▶ [Aim of the exercise] Between the line containing "近日,荊門城控集團黨委委員、" and the line containing "Locate the outer" lies a run of lines; give that run again exactly, with both of those lines, and nothing else from the entries below.

▶ [The data]
________
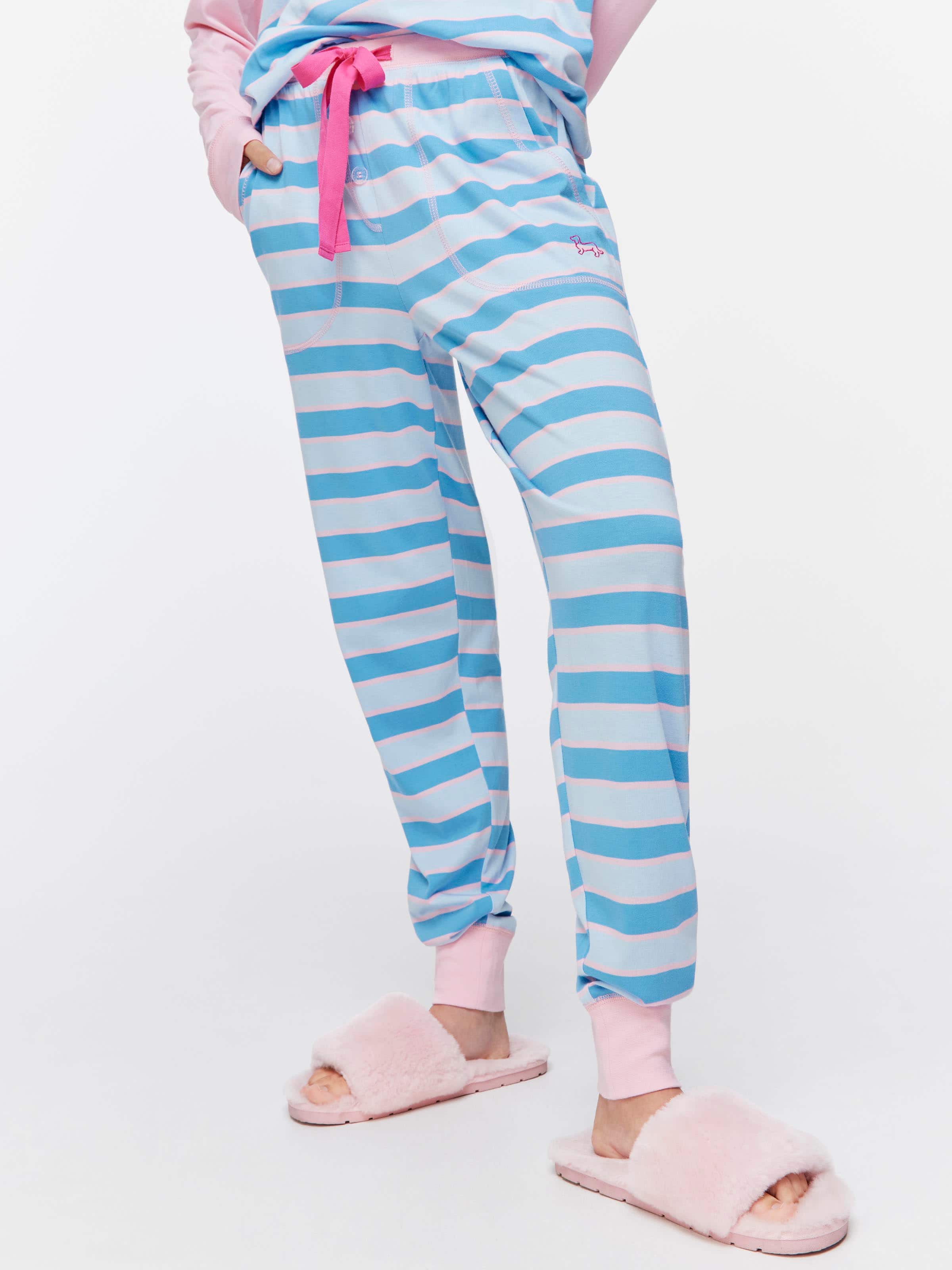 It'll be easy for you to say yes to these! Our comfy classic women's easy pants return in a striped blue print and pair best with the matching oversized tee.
________
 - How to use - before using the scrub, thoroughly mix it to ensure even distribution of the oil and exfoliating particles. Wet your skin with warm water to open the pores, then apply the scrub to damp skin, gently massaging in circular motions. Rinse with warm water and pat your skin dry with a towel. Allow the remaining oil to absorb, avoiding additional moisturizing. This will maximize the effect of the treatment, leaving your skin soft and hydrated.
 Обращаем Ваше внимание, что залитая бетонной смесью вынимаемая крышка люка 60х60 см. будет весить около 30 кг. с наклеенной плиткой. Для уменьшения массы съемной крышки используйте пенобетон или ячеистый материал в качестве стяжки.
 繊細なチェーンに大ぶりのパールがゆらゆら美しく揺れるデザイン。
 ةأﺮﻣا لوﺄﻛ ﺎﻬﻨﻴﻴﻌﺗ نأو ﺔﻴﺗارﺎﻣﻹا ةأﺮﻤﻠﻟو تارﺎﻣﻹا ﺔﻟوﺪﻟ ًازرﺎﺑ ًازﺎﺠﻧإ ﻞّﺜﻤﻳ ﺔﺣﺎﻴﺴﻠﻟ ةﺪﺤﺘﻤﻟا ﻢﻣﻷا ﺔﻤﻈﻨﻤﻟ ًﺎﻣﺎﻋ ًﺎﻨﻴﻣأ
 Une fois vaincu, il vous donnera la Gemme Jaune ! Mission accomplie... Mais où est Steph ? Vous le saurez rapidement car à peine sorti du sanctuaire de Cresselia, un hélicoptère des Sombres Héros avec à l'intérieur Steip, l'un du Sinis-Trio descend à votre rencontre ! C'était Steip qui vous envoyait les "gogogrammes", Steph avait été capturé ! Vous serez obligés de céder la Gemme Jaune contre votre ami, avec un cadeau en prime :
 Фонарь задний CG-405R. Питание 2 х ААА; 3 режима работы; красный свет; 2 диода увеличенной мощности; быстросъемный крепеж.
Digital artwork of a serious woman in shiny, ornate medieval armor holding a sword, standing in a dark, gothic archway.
________
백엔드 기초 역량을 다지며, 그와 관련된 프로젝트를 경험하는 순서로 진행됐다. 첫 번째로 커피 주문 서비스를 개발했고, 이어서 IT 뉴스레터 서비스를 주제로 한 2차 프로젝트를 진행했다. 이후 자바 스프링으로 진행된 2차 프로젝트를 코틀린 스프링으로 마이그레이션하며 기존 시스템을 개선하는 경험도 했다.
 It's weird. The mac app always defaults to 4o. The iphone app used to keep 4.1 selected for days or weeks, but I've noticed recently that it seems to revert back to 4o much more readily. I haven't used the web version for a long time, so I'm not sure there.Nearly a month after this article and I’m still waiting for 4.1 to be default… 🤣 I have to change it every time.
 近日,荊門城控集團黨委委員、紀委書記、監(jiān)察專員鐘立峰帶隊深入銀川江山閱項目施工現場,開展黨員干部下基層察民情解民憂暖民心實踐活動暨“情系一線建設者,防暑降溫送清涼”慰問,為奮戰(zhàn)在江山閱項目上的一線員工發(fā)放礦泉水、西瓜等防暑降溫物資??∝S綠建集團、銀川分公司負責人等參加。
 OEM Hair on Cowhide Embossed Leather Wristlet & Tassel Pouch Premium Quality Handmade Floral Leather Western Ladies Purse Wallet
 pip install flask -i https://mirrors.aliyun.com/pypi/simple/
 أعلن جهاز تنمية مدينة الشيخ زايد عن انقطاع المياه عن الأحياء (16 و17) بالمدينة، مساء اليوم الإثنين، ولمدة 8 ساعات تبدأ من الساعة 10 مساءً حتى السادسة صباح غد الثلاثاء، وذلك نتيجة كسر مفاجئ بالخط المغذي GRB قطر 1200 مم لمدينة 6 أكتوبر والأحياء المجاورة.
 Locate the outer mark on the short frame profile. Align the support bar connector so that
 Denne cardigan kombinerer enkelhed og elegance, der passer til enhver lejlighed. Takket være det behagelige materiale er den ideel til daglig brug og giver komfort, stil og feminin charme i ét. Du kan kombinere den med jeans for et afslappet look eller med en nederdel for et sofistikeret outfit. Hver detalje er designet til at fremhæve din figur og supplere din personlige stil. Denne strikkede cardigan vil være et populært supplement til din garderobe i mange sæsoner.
________
▶ [Solved problem]
 近日,荊門城控集團黨委委員、紀委書記、監(jiān)察專員鐘立峰帶隊深入銀川江山閱項目施工現場,開展黨員干部下基層察民情解民憂暖民心實踐活動暨“情系一線建設者,防暑降溫送清涼”慰問,為奮戰(zhàn)在江山閱項目上的一線員工發(fā)放礦泉水、西瓜等防暑降溫物資??∝S綠建集團、銀川分公司負責人等參加。
 OEM Hair on Cowhide Embossed Leather Wristlet & Tassel Pouch Premium Quality Handmade Floral Leather Western Ladies Purse Wallet
 pip install flask -i https://mirrors.aliyun.com/pypi/simple/
 أعلن جهاز تنمية مدينة الشيخ زايد عن انقطاع المياه عن الأحياء (16 و17) بالمدينة، مساء اليوم الإثنين، ولمدة 8 ساعات تبدأ من الساعة 10 مساءً حتى السادسة صباح غد الثلاثاء، وذلك نتيجة كسر مفاجئ بالخط المغذي GRB قطر 1200 مم لمدينة 6 أكتوبر والأحياء المجاورة.
 Locate the outer mark on the short frame profile. Align the support bar connector so that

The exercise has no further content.